ABOUT THIS TASK:
Print the first line of the records below and every line after it, up to and including the line with "In the dark". Print nothing else.
[[ PROVIDED MATERIAL, beginning ]]
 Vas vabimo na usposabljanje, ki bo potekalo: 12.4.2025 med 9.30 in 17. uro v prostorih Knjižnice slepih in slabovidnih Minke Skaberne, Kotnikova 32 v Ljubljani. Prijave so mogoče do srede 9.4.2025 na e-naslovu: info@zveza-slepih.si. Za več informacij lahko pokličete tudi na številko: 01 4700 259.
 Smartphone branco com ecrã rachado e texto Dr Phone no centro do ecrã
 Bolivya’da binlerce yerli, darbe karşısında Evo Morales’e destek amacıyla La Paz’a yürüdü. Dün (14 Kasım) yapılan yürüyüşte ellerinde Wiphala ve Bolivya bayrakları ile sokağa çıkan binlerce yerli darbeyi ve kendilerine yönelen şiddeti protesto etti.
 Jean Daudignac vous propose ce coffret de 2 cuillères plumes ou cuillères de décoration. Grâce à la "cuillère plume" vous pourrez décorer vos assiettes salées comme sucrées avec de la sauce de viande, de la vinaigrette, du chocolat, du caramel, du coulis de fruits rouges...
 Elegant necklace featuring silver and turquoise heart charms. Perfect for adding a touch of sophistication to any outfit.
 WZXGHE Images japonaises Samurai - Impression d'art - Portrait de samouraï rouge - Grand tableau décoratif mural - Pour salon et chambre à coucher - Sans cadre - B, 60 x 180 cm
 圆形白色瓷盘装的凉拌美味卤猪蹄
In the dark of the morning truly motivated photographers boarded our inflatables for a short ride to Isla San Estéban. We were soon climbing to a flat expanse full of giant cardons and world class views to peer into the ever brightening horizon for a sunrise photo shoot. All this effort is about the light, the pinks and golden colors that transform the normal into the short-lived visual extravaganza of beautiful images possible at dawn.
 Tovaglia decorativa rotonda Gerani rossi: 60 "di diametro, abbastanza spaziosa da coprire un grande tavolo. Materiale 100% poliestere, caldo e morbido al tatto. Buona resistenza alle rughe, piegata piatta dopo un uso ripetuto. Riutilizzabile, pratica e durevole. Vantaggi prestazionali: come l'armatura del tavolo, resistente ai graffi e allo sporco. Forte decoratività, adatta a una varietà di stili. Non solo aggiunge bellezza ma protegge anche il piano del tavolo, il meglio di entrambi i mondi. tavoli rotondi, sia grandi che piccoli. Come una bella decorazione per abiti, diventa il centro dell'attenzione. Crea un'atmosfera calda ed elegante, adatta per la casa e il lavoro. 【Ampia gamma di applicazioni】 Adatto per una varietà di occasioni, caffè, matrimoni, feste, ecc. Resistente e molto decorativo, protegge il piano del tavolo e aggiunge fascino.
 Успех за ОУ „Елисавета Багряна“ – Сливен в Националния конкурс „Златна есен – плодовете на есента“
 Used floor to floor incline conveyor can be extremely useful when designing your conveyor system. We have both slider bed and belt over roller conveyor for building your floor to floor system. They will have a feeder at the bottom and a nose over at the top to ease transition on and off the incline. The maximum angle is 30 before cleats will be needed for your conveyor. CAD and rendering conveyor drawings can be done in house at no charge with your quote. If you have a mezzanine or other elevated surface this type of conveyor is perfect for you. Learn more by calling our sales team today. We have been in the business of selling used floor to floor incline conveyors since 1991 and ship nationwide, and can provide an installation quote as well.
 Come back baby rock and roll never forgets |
[[ PROVIDED MATERIAL, end ]]
SOLUTION TO THE PROBLEM:
 Vas vabimo na usposabljanje, ki bo potekalo: 12.4.2025 med 9.30 in 17. uro v prostorih Knjižnice slepih in slabovidnih Minke Skaberne, Kotnikova 32 v Ljubljani. Prijave so mogoče do srede 9.4.2025 na e-naslovu: info@zveza-slepih.si. Za več informacij lahko pokličete tudi na številko: 01 4700 259.
 Smartphone branco com ecrã rachado e texto Dr Phone no centro do ecrã
 Bolivya’da binlerce yerli, darbe karşısında Evo Morales’e destek amacıyla La Paz’a yürüdü. Dün (14 Kasım) yapılan yürüyüşte ellerinde Wiphala ve Bolivya bayrakları ile sokağa çıkan binlerce yerli darbeyi ve kendilerine yönelen şiddeti protesto etti.
 Jean Daudignac vous propose ce coffret de 2 cuillères plumes ou cuillères de décoration. Grâce à la "cuillère plume" vous pourrez décorer vos assiettes salées comme sucrées avec de la sauce de viande, de la vinaigrette, du chocolat, du caramel, du coulis de fruits rouges...
 Elegant necklace featuring silver and turquoise heart charms. Perfect for adding a touch of sophistication to any outfit.
 WZXGHE Images japonaises Samurai - Impression d'art - Portrait de samouraï rouge - Grand tableau décoratif mural - Pour salon et chambre à coucher - Sans cadre - B, 60 x 180 cm
 圆形白色瓷盘装的凉拌美味卤猪蹄
In the dark of the morning truly motivated photographers boarded our inflatables for a short ride to Isla San Estéban. We were soon climbing to a flat expanse full of giant cardons and world class views to peer into the ever brightening horizon for a sunrise photo shoot. All this effort is about the light, the pinks and golden colors that transform the normal into the short-lived visual extravaganza of beautiful images possible at dawn.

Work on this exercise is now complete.